Canadian Rockies: International Destination
I think we heard just about every language and encountered nice people from all over the world. If you’d like to practice your language skills, this could be a good place to do so.
French seemed to be almost as common as English. I realize French is the other official language of Canada, but I thought most French speakers were in Quebec. At Lake Louise, we encountered a teenage daughter yelling at her dad about a picture of her he apparently had threatened to post on Facebook. She started her tirade in English then switched over to French, when things really got heated. I chuckled and was glad my youngest of three daughters is now 20 and past that stage.
We also heard a good deal of what I suspect was Chinese (Mandarin), especially while camped in the Lake Louise campground. Our campsite sat in very close proximity to the neighboring site, which held two large tents and lots of young Asian children. The weather continued to drizzle, so we didn’t bother setting up any gear. We just sat in our truck and listened to our neighbors chattering, joking in Mandarin and laughing loudly until long after we’d climbed in the back to go to sleep. I actually thought it was great that they were having so much fun, and exhaustion put me to sleep quickly.
The next morning, the neighboring kids started in again early, until their parents noticed us climbing out of the back of our truck. Up to that point, since we had no tent, they must’ve assumed it was just an empty truck sitting next to their campsite. When we wished them good morning, they just smiled nervously and waved. Until we left that morning, they kept shushing their kids.
World Class Hiking and Scenery
People come from all over the world to see some of the best scenery in the world. We love to hike, and there is some fantastic hiking in the Canadian Rockies. I have to admit though that there is an awful lot of spectacular scenery that can be enjoyed without getting far from your car.
Our first day in Banff, we had clear blue skies, so we decided to cover lots of ground and shoot lots of pictures. We visited Lake Louise then travelled up the Icefields Parkway to Bow Lake, Peyto Lake and finished off the day with a stop at Moraine Lake. That’s a lot of alpine lakes in one day, but each is unique, with a different shade of water, varying from deep blue to milky turquoise.

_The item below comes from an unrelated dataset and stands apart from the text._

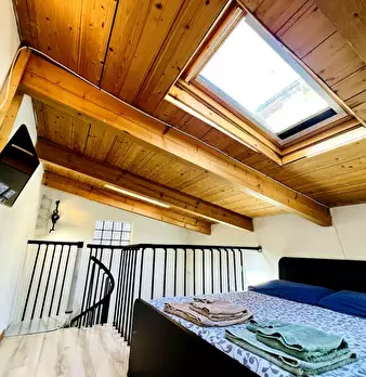 ITA Confortevole e tranquillo bilocale in via Cocconato a 2 passi dal centro e dal Parco del Valentino. Piccolo balcone con affaccio sul cortile interno Soppalco con letto matrimoniale Angolo relax/lettura e all'occorrenza utilizzo del divano Cu...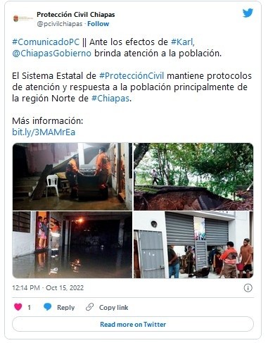 Una persona muerta y más de mil evacuados en el norte de Chiapas han dejado hasta este momento las lluvias de la depresión tropical "Karl", informó el sistema estatal de Protección Civil.En el municipio de Pichucalco, diversas corporaciones de rescate y ayuda evacuaron de manera preventiva a más de mil lugareños que se encontraban en actividades religiosas debido al incremento de los niveles del río Pichucalco.Ahí mismo fue rescatado con vida el niño Rubén Alfredo, de siete años de edad, quien se reportó por unos momentos como desaparecido.En otra acción, fueron evacuadas 40 familias, un aproximado de 120 personas, tras el desbordamiento del arroyo "El Cristo", que provocó inundaciones de hasta tres metros de altura en, al menos cinco colonias, principalmente en la zona centro.Durante el crecimiento súbito de dicho arroyo, una persona de 65 años de edad quedó atrapada dentro de su vivienda. Fue rescatada con vida y trasladada a un hospital en condición grave. Más tarde falleció.En el municipio se mantienen activos dos refugios temporales donde se atiende a las familias con alimentación y techo.Otras evacuaciones preventivas fueron en el municipio de Ixtacomitán, a causa del desbordamiento de arroyos, que afectó viviendas de los barrios San Sebastián, Catarina 1a. Sección y Nicolás Bravo 2a Sección. En éste último se rescató a una persona.Además, en el municipio de Ostuacán fueron evacuadas 35 familias por el desbordamiento del río Magdalena.Las lluvias dañaron también el tramo carretero Pichucalco-Juárez, a la altura del kilómetro 9, conocido como Loma Raspada, donde el colapso de la superficie de rodamiento incomunica la vía.El puente conocido como ciudad rural Ostuacán-Sayula colapsó e incomunica el tramo. En el municipio de Sunuapa, colapsó el puente vehicular Platanar sobre el río del mismo nombre.Los remanentes de "Karl" mantendrán lluvias torrenciales e intensas y podrían presentar deslaves, deslizamientos de laderas, desbordamiento de ríos y arroyos o afectaciones en caminos y tramos carreteros.También se prevén inundaciones en zonas bajas y saturación de drenajes en sitios urbanos. Se recomendó a la población extremar precauciones y permanecer atenta a los llamados de Protección Civil y de las autoridades estatales y municipales.JM

On our second day in Banff, we got up early and headed back to Lake Louise for a 10 mile hike that brought us high into the mountains above the lake with stops at two teahouses. The Lake Agnes teahouse is a solid log and stone structure sitting at the edge of the lake’s outflow, with a babbling creek on one side and a cascading waterfall dropping off behind it.
At the second teahouse, Plain of the Six Glaciers, we spent $30 (including tip) on two pieces of blueberry pie and a “mocha coffee,” which tasted like a mixture of instant cocoa and coffee. The price almost seemed worth it when we considered employees had to haul ingredients in by backpack and prepare everything without electricity. Besides, the glacial view was fantastic.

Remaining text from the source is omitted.